AVAILABLE DATA
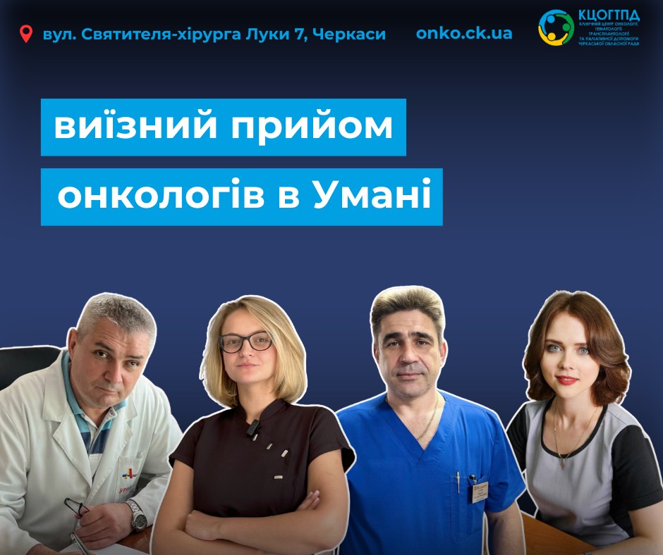 13 листопада в консультативно-діагностичному відділенні Уманської центральної міської лікарні для дорослого населення відбудеться черговий виїзний прийом профільних фахівців Клінічного центру онкології, гематології, трансплантології та паліативної допомоги.
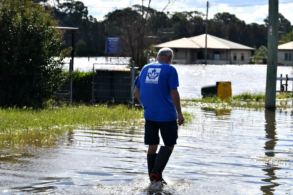 A man walks through floodwaters in a flooded residential area in the Windsor suburb of northwestern Sydney on March 24, 2021, after torrential downpours have lashed Australia's southeast for days. Saeed KHAN / AFP
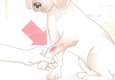 Stay calm. Just like people, dogs can sense fear. If your dog becomes anxious or distressed, his blood pressure may rise and this can cause more blood to be expelled from a wound. Keep yourself and your pet calm.
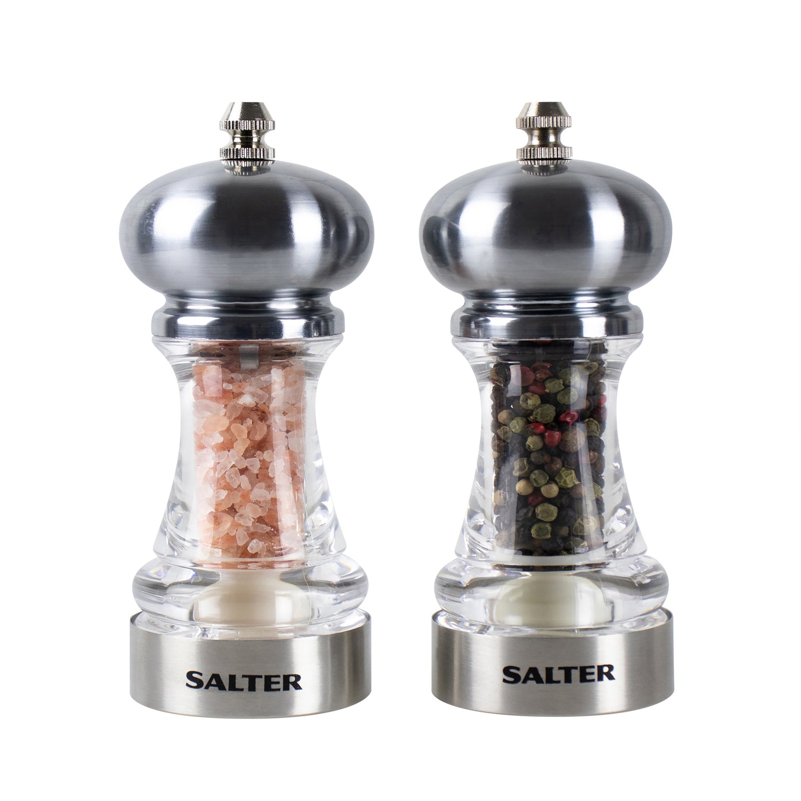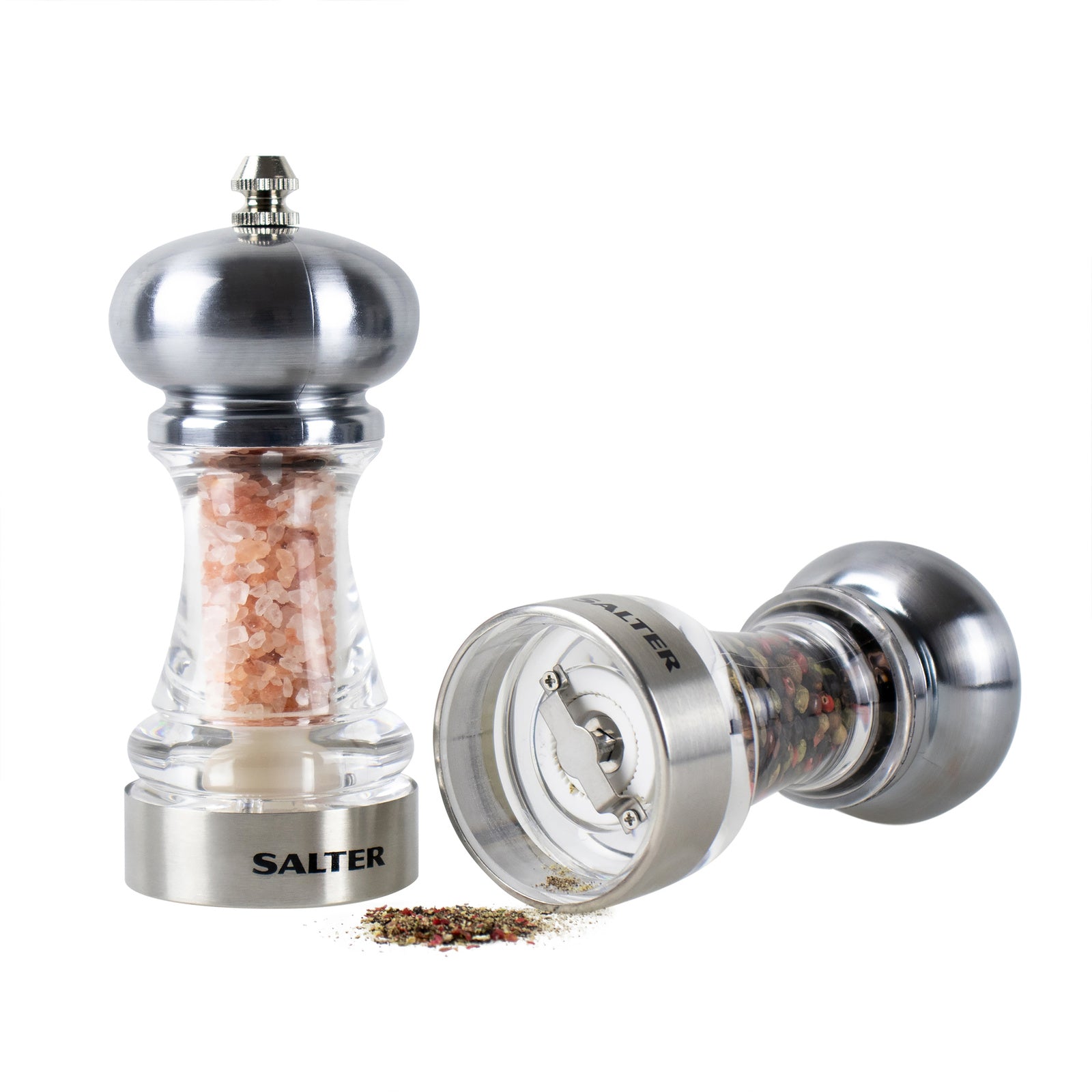 Add style to your dinner table or while serving food outside at a barbecue. The classic and timeless design, paired with the unparalleled quality of Salter makes these stainless-steel mills a must-have, everyday cooking tool in any kitchen. Ideal for people who enjoy the taste of freshly ground pepper with their meals, these mills feature a diamond hard ceramic for sharper and harder than steel for superior grinding. With an easy adjustable grind that allows you to set fineness from coarse to fine to meet your different needs in seconds, youll be able to distribute the right amount of salt and pepper with perfect accuracy. The crystal-clear acrylic is not only durable, easy to clean, and shows when refilling is needed. The Salter Stainless Steel Mills will add style to any table whilst remaining an everyday kitchen tool.

WHAT YOU ARE ASKED TO DO
Starting at the first line of the material above and ending with the line that contains "Stay calm. Just", reproduce every line exactly, and leave out the pictures.

ANSWER FOR THIS EXERCISE
 13 листопада в консультативно-діагностичному відділенні Уманської центральної міської лікарні для дорослого населення відбудеться черговий виїзний прийом профільних фахівців Клінічного центру онкології, гематології, трансплантології та паліативної допомоги.
 A man walks through floodwaters in a flooded residential area in the Windsor suburb of northwestern Sydney on March 24, 2021, after torrential downpours have lashed Australia's southeast for days. Saeed KHAN / AFP
 Stay calm. Just like people, dogs can sense fear. If your dog becomes anxious or distressed, his blood pressure may rise and this can cause more blood to be expelled from a wound. Keep yourself and your pet calm.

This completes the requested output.